-- Record excerpts follows --

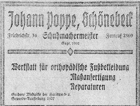 "Das Speditionsgeschäft der Firma Wilhelm Stitterich, Inhaber Kurt Volk, Steinstraße 54, übernimmt Möbeltransporte nach und von allen Richtungen mit Bahn oder Fuhrwerk. Elegante Landauer zu allen Gelegenheiten, Kremser und Lastfuhrwerke stehen zur Verfügung. Die Firma übernimmt auch Verpackung von Glas und Porzellan, sowie die Aufbewahrung von Möbel und Gütern aller Art. Seit langen Jahren Spediteur der Königlich Preußischen Staatsbahn genießt die Firma allseitiges Vertrauen."
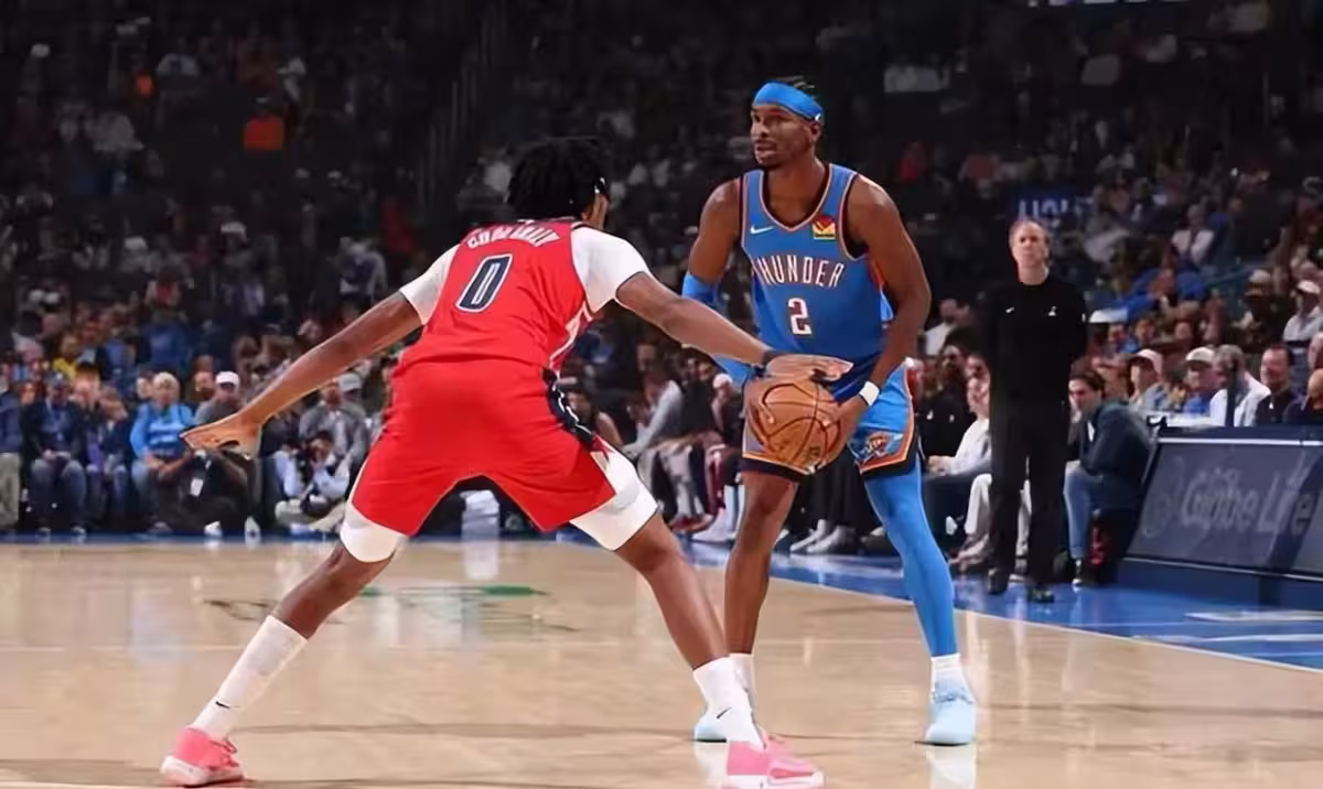 首節比賽前半段,奇才還能咬住比分,很快,雷霆就占據主動權,亞歷山大過人如閃電,飛身上籃輕鬆得手,以賽亞喬超遠三分一擊命中,雷霆早早取得10分左右領先優勢。第一節比賽結束,雷霆28-20領先奇才8分。次節比賽開始,基斯伯特的干拔三分球正入網心,幫助奇才隊先下一城,米切爾溜底線反身上籃予以還擊,惠特莫爾的超遠三分出手空心入網,卡林頓藉助擋拆衝擊籃筐挑落兩分,多爾特禁區踏雪無痕飛身補籃空心打進,麥科勒姆的鐵血三分球一箭穿心。雷霆牢牢保持住領先優勢,分差始終在10分左右徘徊,半場比賽戰罷,雷霆59-49領先奇才10分。
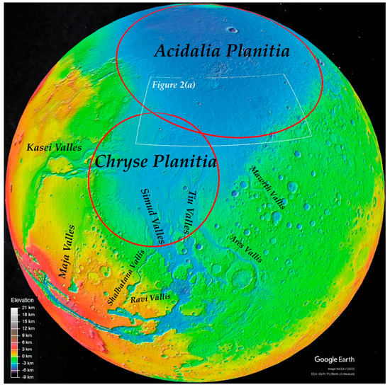 - Salvatore, M.R.; Christensen, P.R. On the origin of the vastitas borealis formation in chryse and acidalia planitiae, mars. J. Geophys. Res. Planets 2014, 119, 2437–2456. [Google Scholar] [CrossRef]
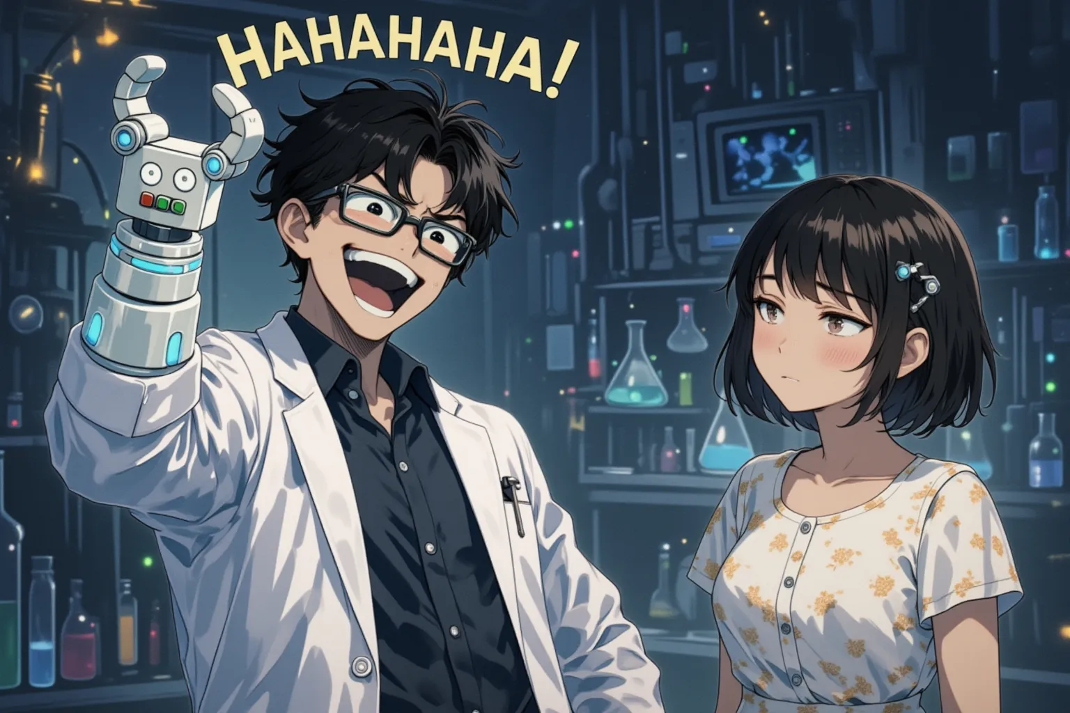 parameters: A high-quality anime style illustration in a dim, eccentric laboratory filled with strange machines, wires, blinking monitors, shelves of test tubes and chemical flasks glowing in different colors.
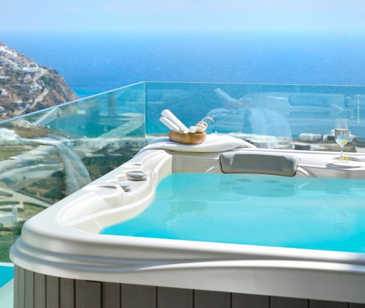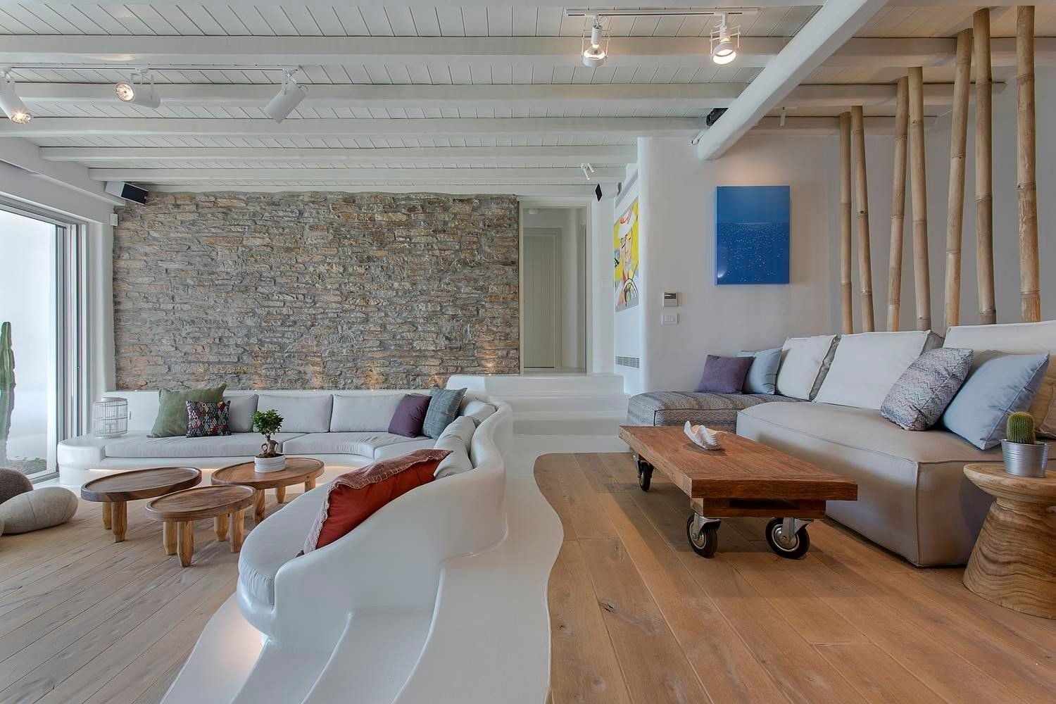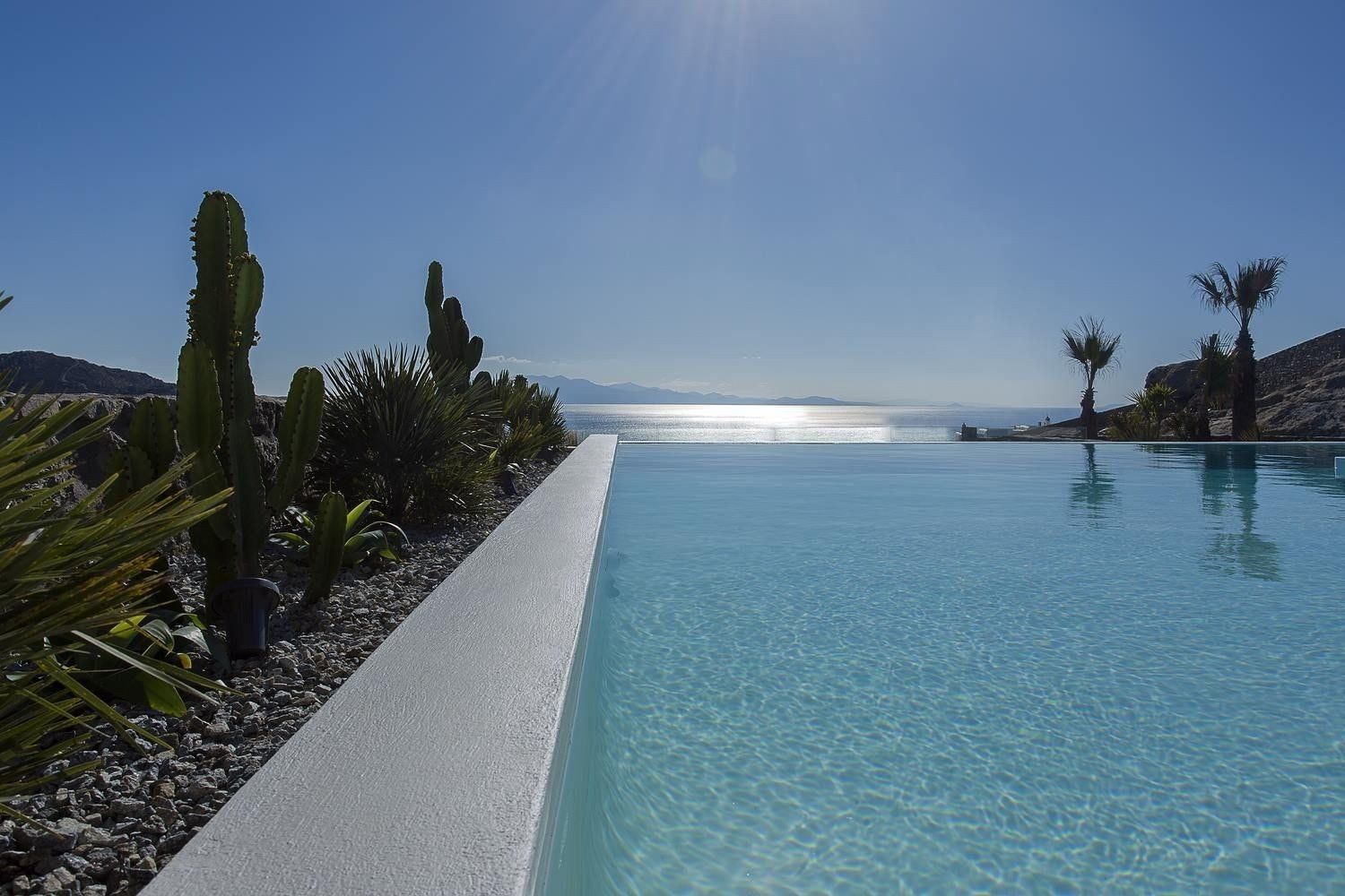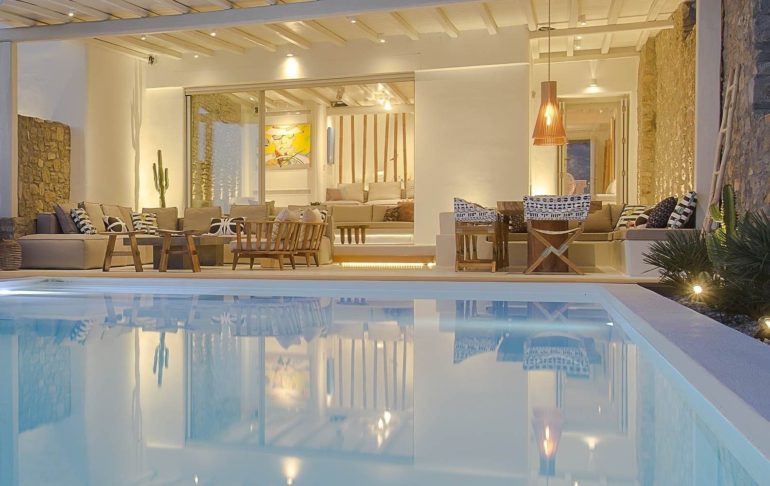 Inside, opulent interiors use natural materials and neutral tones to create a relaxing home away from home. The wellness centre offers guests the chance to work up a sweat at both the on-site gym, and the sauna. Outside, you'll find the glittering pool and an array of loungers for you to stretch out on under the cloudless Grecian sky. And, when evening rolls around, head for the pergola to enjoy alfresco feasts fit for the gods and delicious cocktails from the private bar.
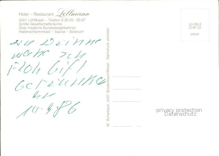 72275386 Loef Mosel Hotel Restaurant Lellmann postalisch nicht gelaufen Erhaltung siehe scans KatCode: 11110007137214
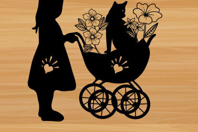 Intra απο ξύλο plywood 3mm-4mm πάχος Μικρό κορίτσι γάτας σε μέταλλο λουλουδιών ποδηλάτου Δίασταση 40×40 cm INTRAFABR-73702594
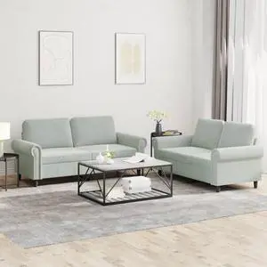 vidaXL Sofa Set with Cushions Accent Loveseat Couch 2 Piece Light Gray Velvet
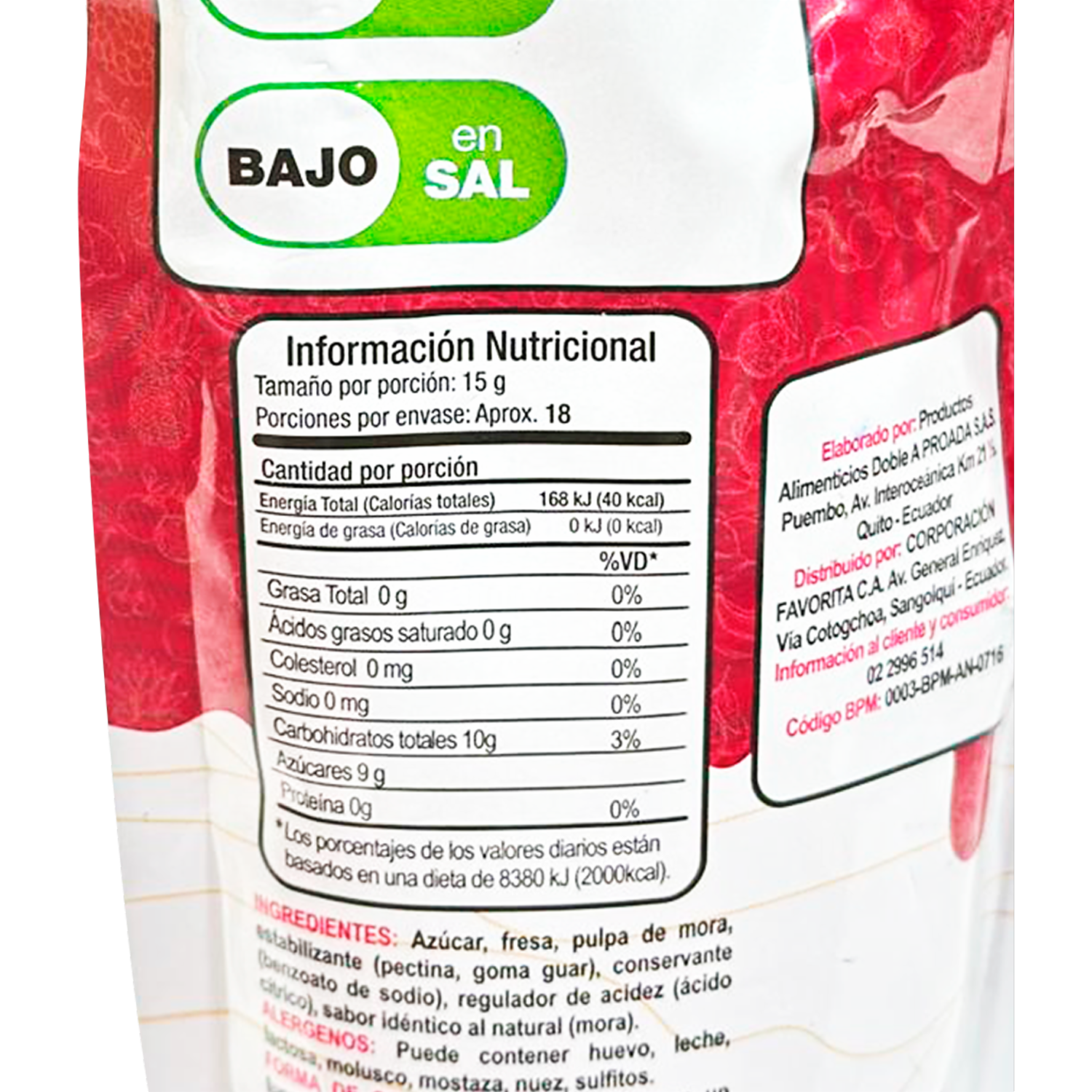 - Acompañamiento dulce para diversos alimentos, especialmente en desayunos con galletas, pan, tostadas etc. Una vez abierto el producto mantener en un ambiente fresco y seco,

-- Record excerpts concluded --

• _What to work on_:
Copy out the data verbatim, excluding the pictures.

• _Exercise answer_:
 "Das Speditionsgeschäft der Firma Wilhelm Stitterich, Inhaber Kurt Volk, Steinstraße 54, übernimmt Möbeltransporte nach und von allen Richtungen mit Bahn oder Fuhrwerk. Elegante Landauer zu allen Gelegenheiten, Kremser und Lastfuhrwerke stehen zur Verfügung. Die Firma übernimmt auch Verpackung von Glas und Porzellan, sowie die Aufbewahrung von Möbel und Gütern aller Art. Seit langen Jahren Spediteur der Königlich Preußischen Staatsbahn genießt die Firma allseitiges Vertrauen."
 首節比賽前半段,奇才還能咬住比分,很快,雷霆就占據主動權,亞歷山大過人如閃電,飛身上籃輕鬆得手,以賽亞喬超遠三分一擊命中,雷霆早早取得10分左右領先優勢。第一節比賽結束,雷霆28-20領先奇才8分。次節比賽開始,基斯伯特的干拔三分球正入網心,幫助奇才隊先下一城,米切爾溜底線反身上籃予以還擊,惠特莫爾的超遠三分出手空心入網,卡林頓藉助擋拆衝擊籃筐挑落兩分,多爾特禁區踏雪無痕飛身補籃空心打進,麥科勒姆的鐵血三分球一箭穿心。雷霆牢牢保持住領先優勢,分差始終在10分左右徘徊,半場比賽戰罷,雷霆59-49領先奇才10分。
 - Salvatore, M.R.; Christensen, P.R. On the origin of the vastitas borealis formation in chryse and acidalia planitiae, mars. J. Geophys. Res. Planets 2014, 119, 2437–2456. [Google Scholar] [CrossRef]
 parameters: A high-quality anime style illustration in a dim, eccentric laboratory filled with strange machines, wires, blinking monitors, shelves of test tubes and chemical flasks glowing in different colors.
 Inside, opulent interiors use natural materials and neutral tones to create a relaxing home away from home. The wellness centre offers guests the chance to work up a sweat at both the on-site gym, and the sauna. Outside, you'll find the glittering pool and an array of loungers for you to stretch out on under the cloudless Grecian sky. And, when evening rolls around, head for the pergola to enjoy alfresco feasts fit for the gods and delicious cocktails from the private bar.
 72275386 Loef Mosel Hotel Restaurant Lellmann postalisch nicht gelaufen Erhaltung siehe scans KatCode: 11110007137214
 Intra απο ξύλο plywood 3mm-4mm πάχος Μικρό κορίτσι γάτας σε μέταλλο λουλουδιών ποδηλάτου Δίασταση 40×40 cm INTRAFABR-73702594
 vidaXL Sofa Set with Cushions Accent Loveseat Couch 2 Piece Light Gray Velvet
 - Acompañamiento dulce para diversos alimentos, especialmente en desayunos con galletas, pan, tostadas etc. Una vez abierto el producto mantener en un ambiente fresco y seco,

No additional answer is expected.